### What is expected
Here is the task for the listing below: output exactly the lines from the one containing "CZ – HOBLINY" through the one containing "GEA LUCE Proiettore", and leave out the pictures.

### Entries supplied
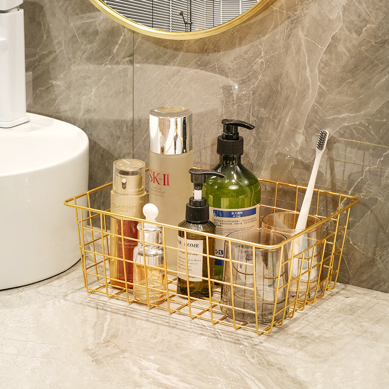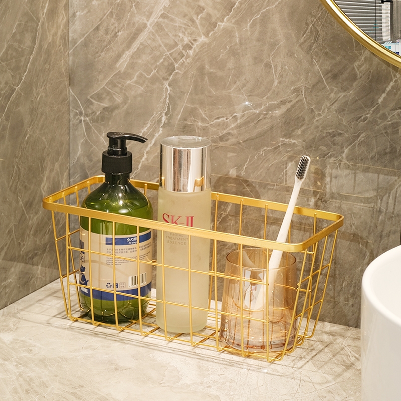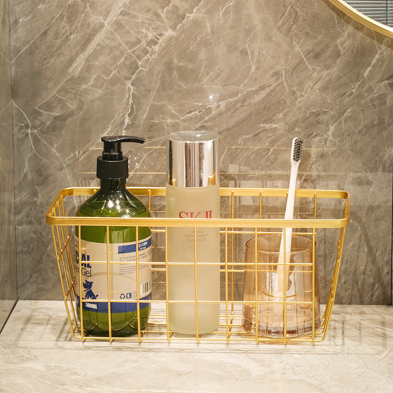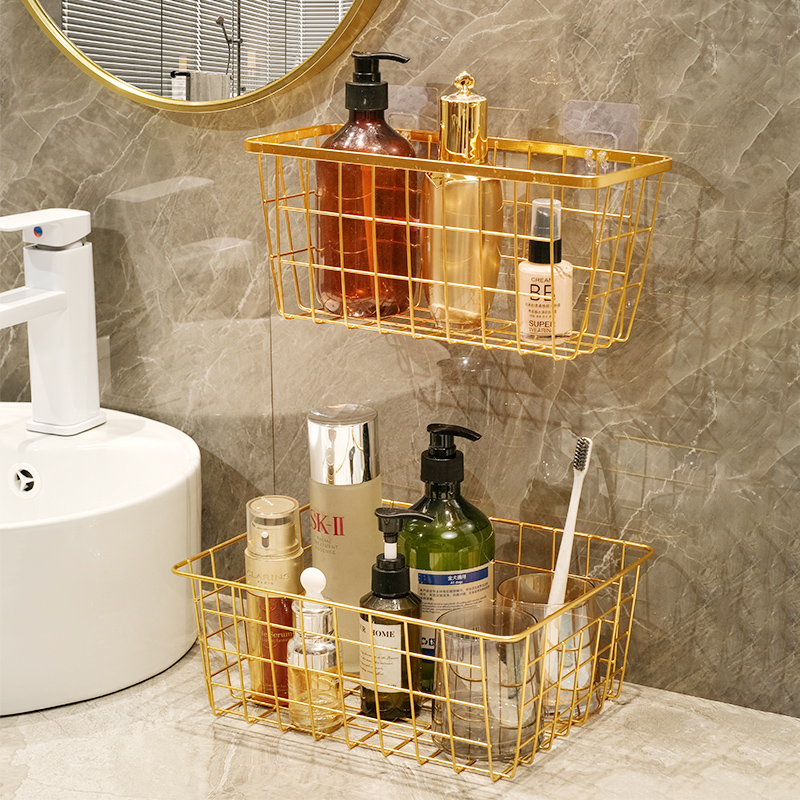 Bathroom powder room shelf toilet toilet washstand free punching wall hanging wall storage shelf light luxury basket
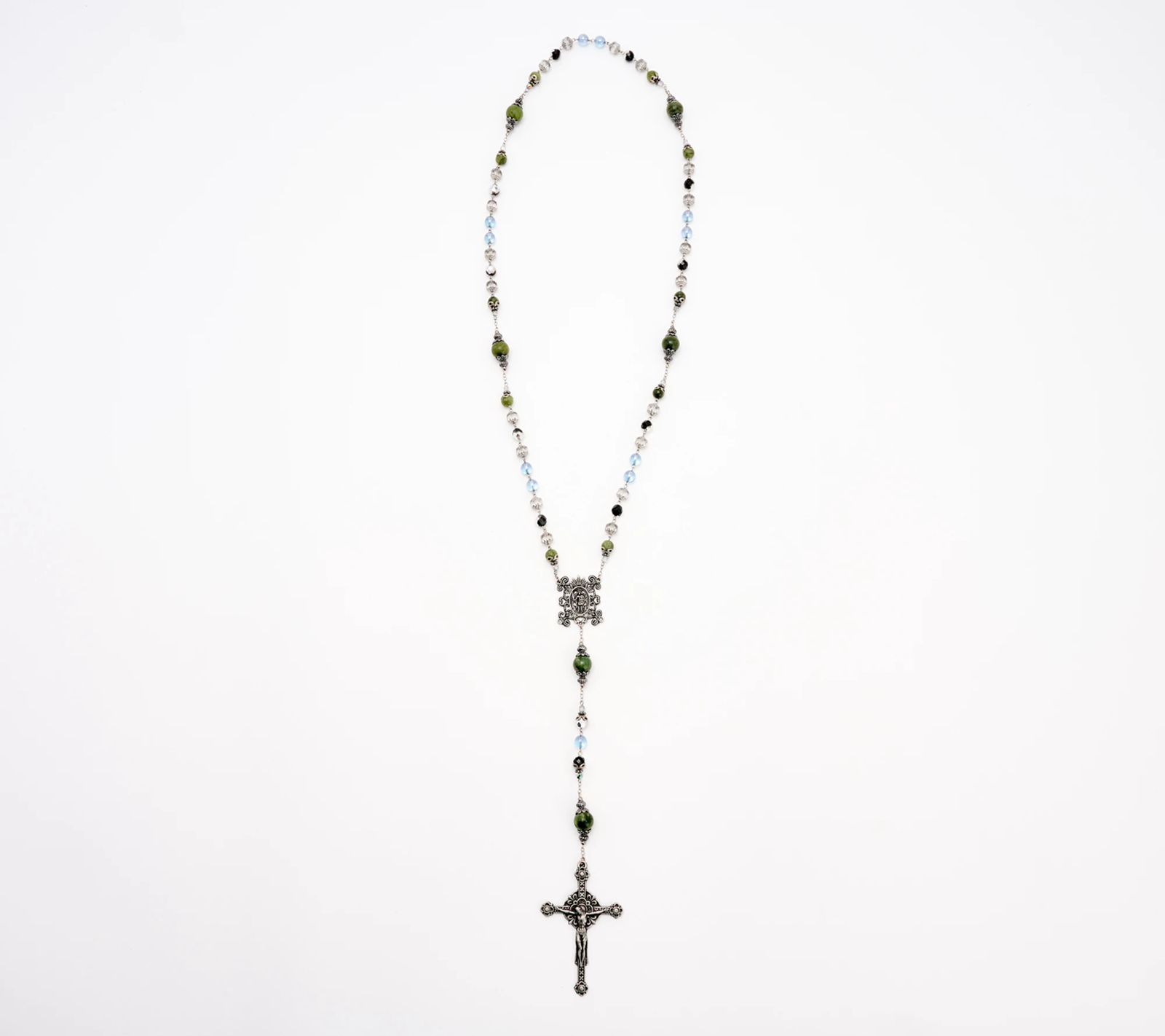 Embrace the beauty of a mother's love with this gorgeous rosary that depicts Jesus, Mary, and St. Michael. Connemara marble beads are a lovely finishing touch.
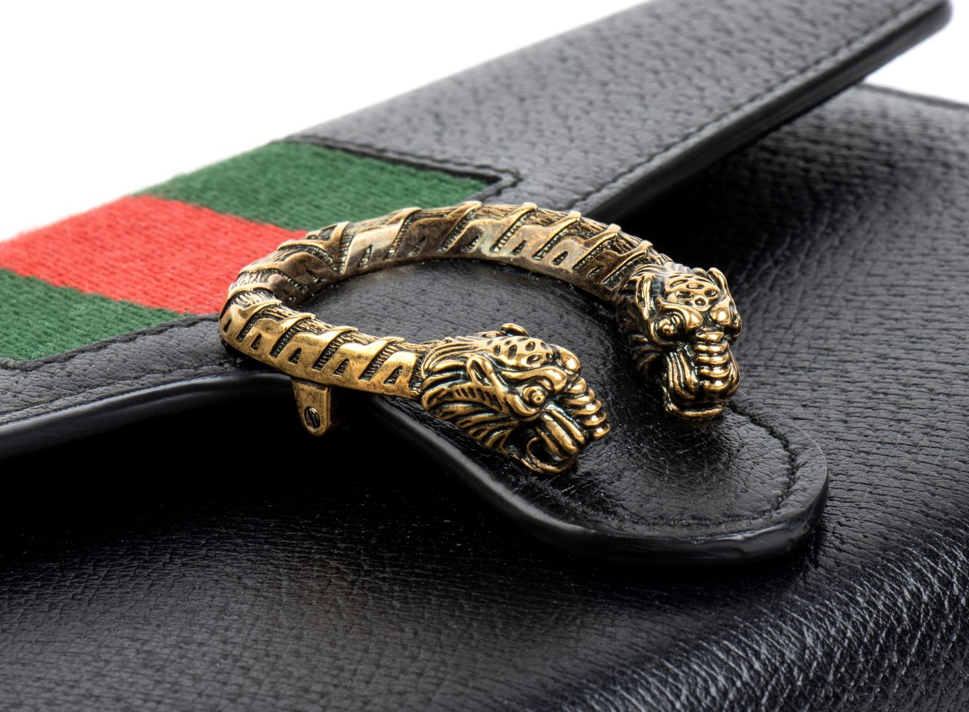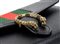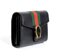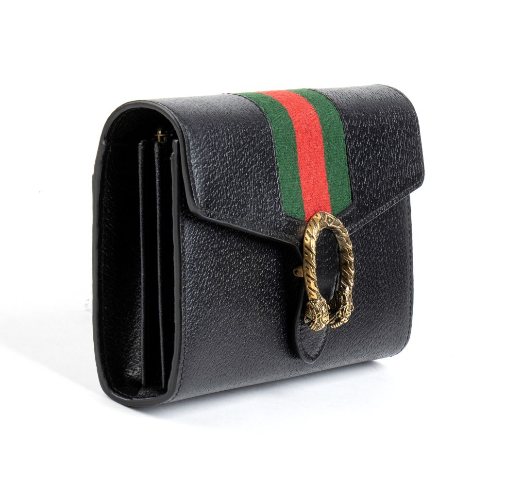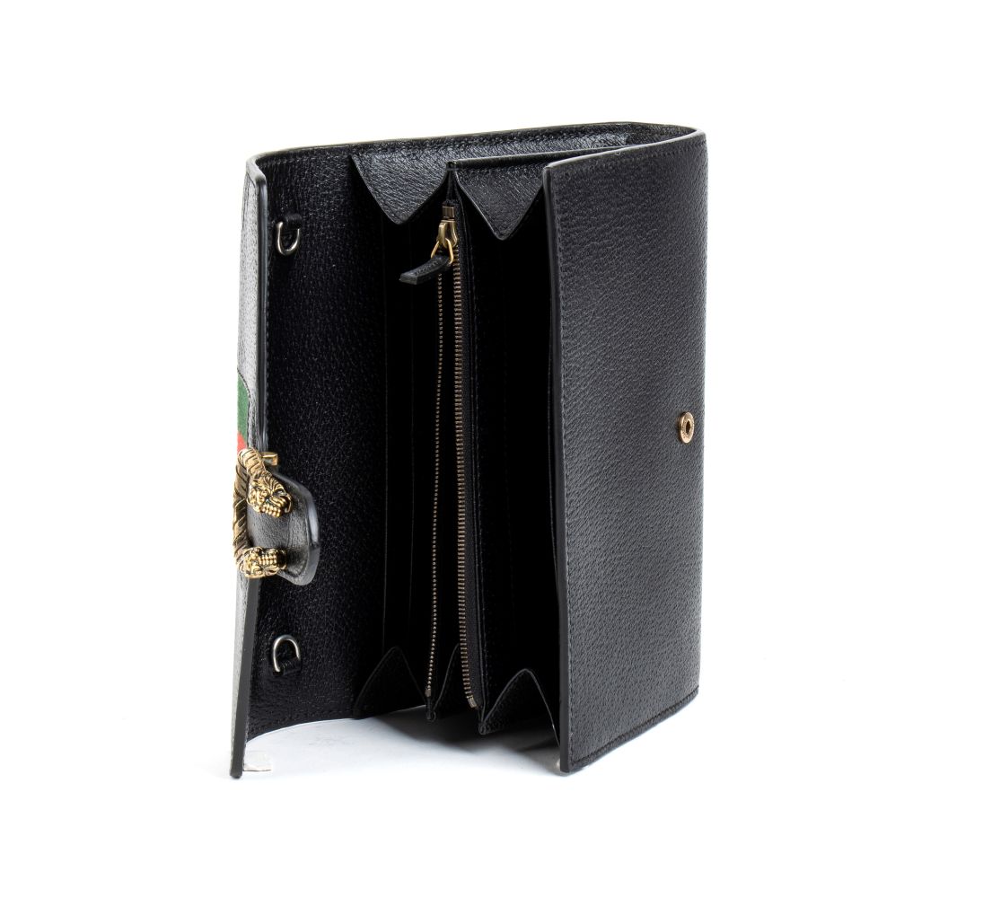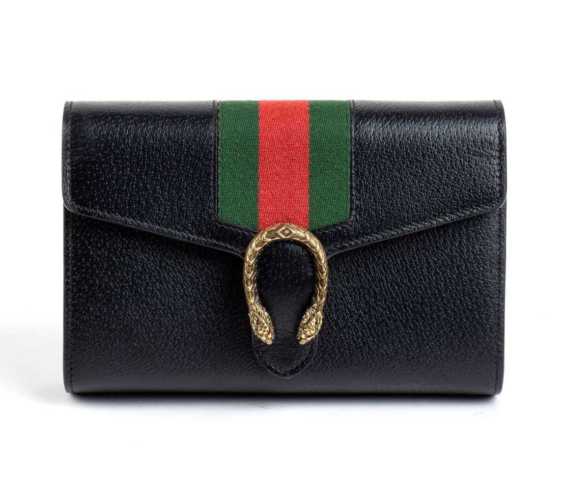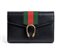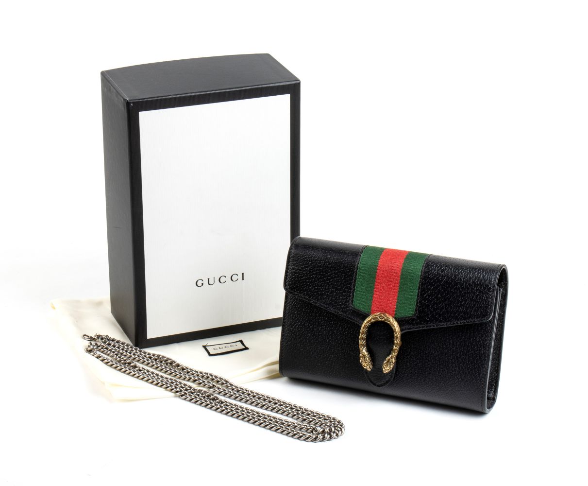 Borsa a spalla Dionysus in pelle nera con banda web verde e rossa, chiusura a testa di tigre metallica, tracolla a catena amovibile con possibilità di indossarla come pochette. 7549F 8402
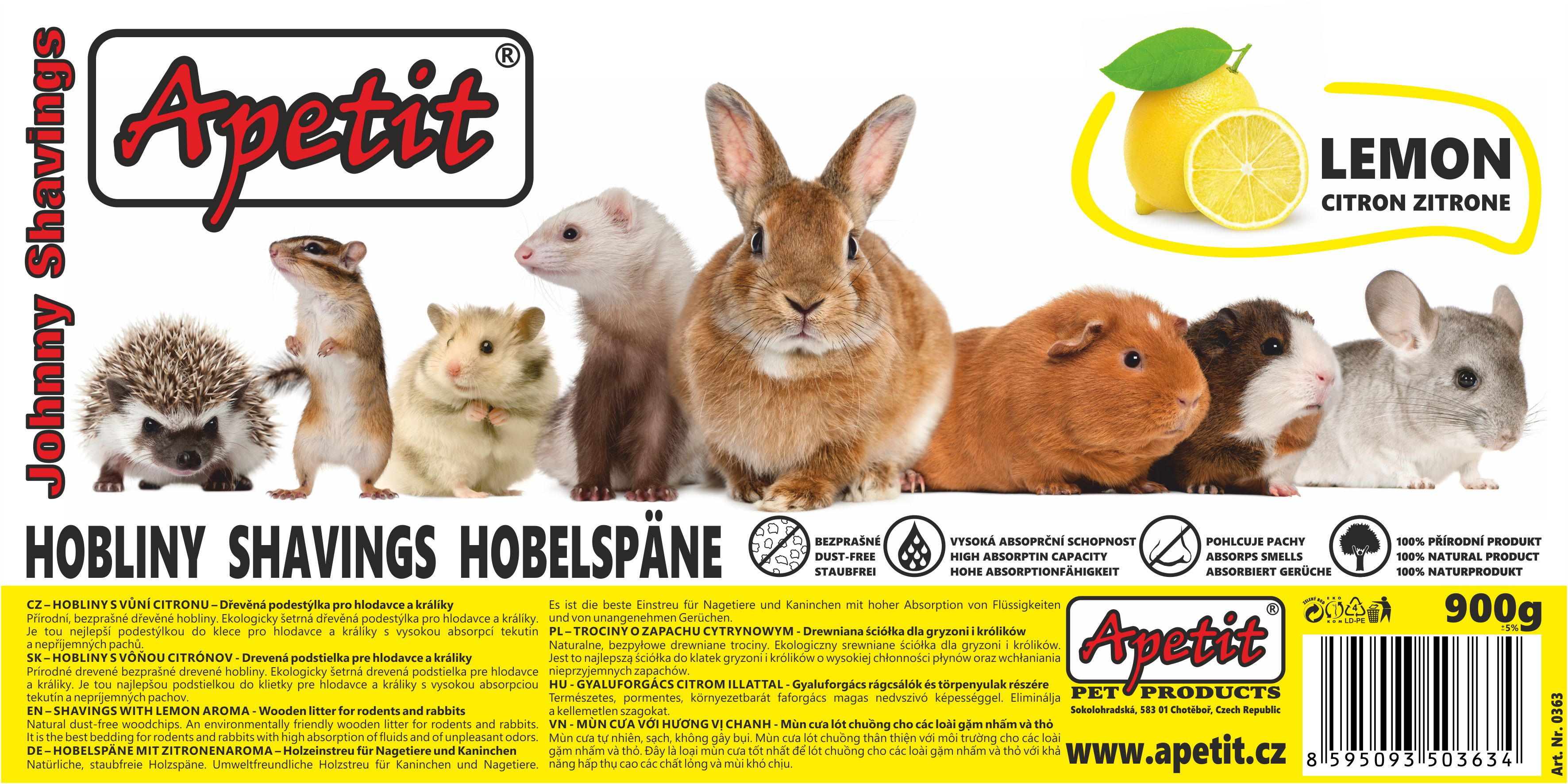 CZ – HOBLINY S VŮNÍ CITRONU – Dřevěná podestýlka pro hlodavce a králíky
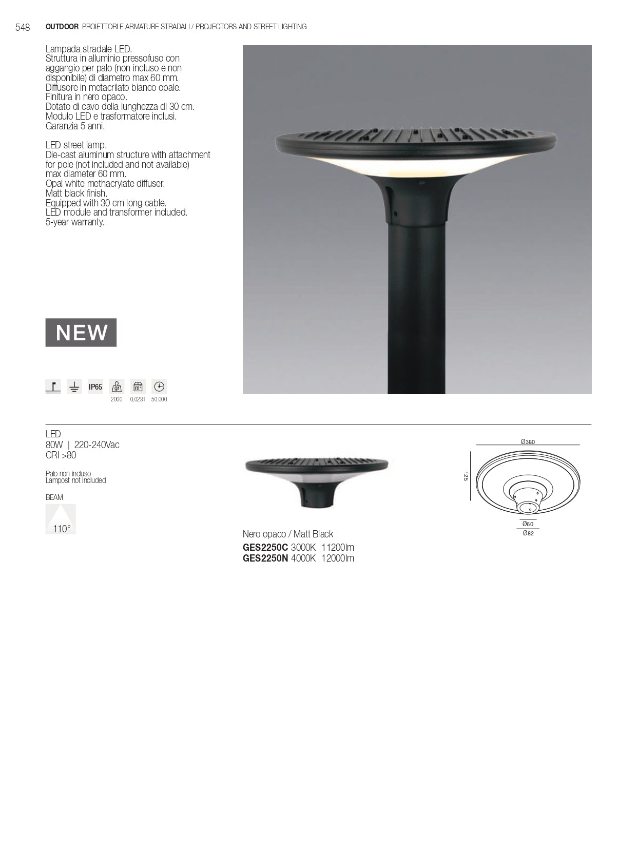 GEA LUCE Proiettore testapalo (lampione stradale) a LED 80W 220V AC - GES2250
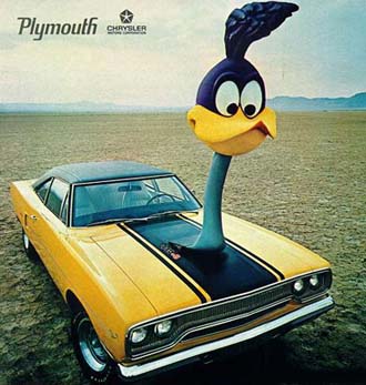 No começo dos anos 60, o modelo PlymouthValiant, derivado do Lancer da Dodge, também se destacava por ser mais simples e mais barato que este. Era um carro compacto para os padrões norte americanos. Com a escalada dos “Muscle Cars” nos EUA na década de 60, a Plymouth, interessada num segmento que crescia muito, tinha planos de adaptar um modelo seu que preenchesse os requisitos. Foi assim que, em 1968, baseado na carroceria dos irmãos Belvedere e Satellite, nasce o cupê esportivo RoadRunner. O nome teve inspiração na série de desenhos animados em que o pássaro Beep-beep, o papa-léguas, era perseguido pelo coiote. De aparência agressiva, o carrão media 5,15 metros e pesava 1.600 quilos. Tinha porte. Na frente quatro faróis e grade cromada com pequenos retângulos com fundo preto. Sobre o capô duas entradas de ar laterais para ajudar a refrigerar o motorzão e mostrar agressividade.
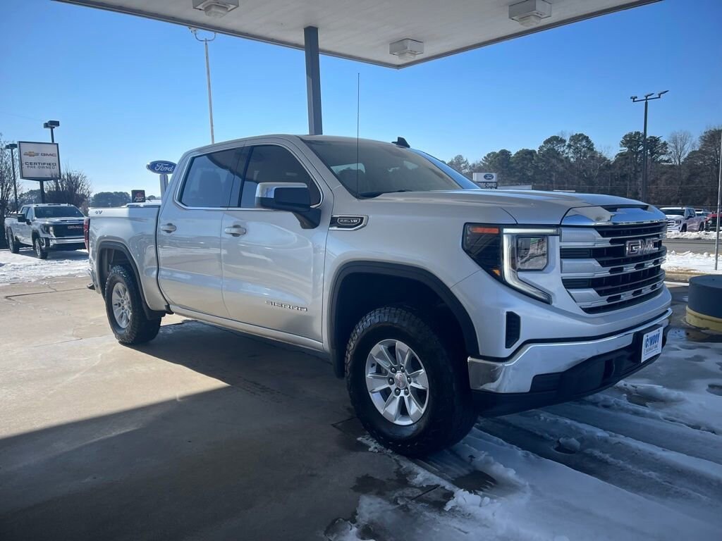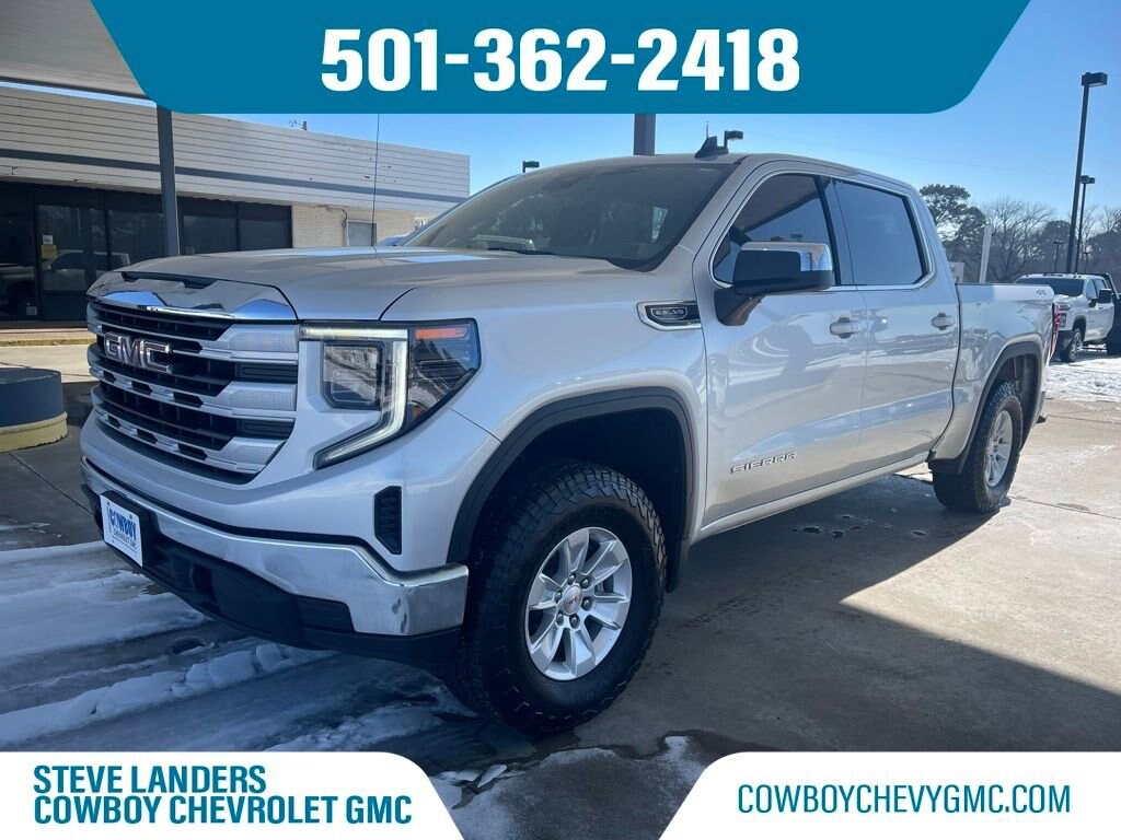 CARFAX One-Owner. Quicksilver Metallic 2022 GMC Sierra 1500 4D Crew Cab SLE EcoTec3 5.3L V8 10-Speed Automatic 4WD 14/19 City/Highway MPG

### Response
 CZ – HOBLINY S VŮNÍ CITRONU – Dřevěná podestýlka pro hlodavce a králíky
 GEA LUCE Proiettore testapalo (lampione stradale) a LED 80W 220V AC - GES2250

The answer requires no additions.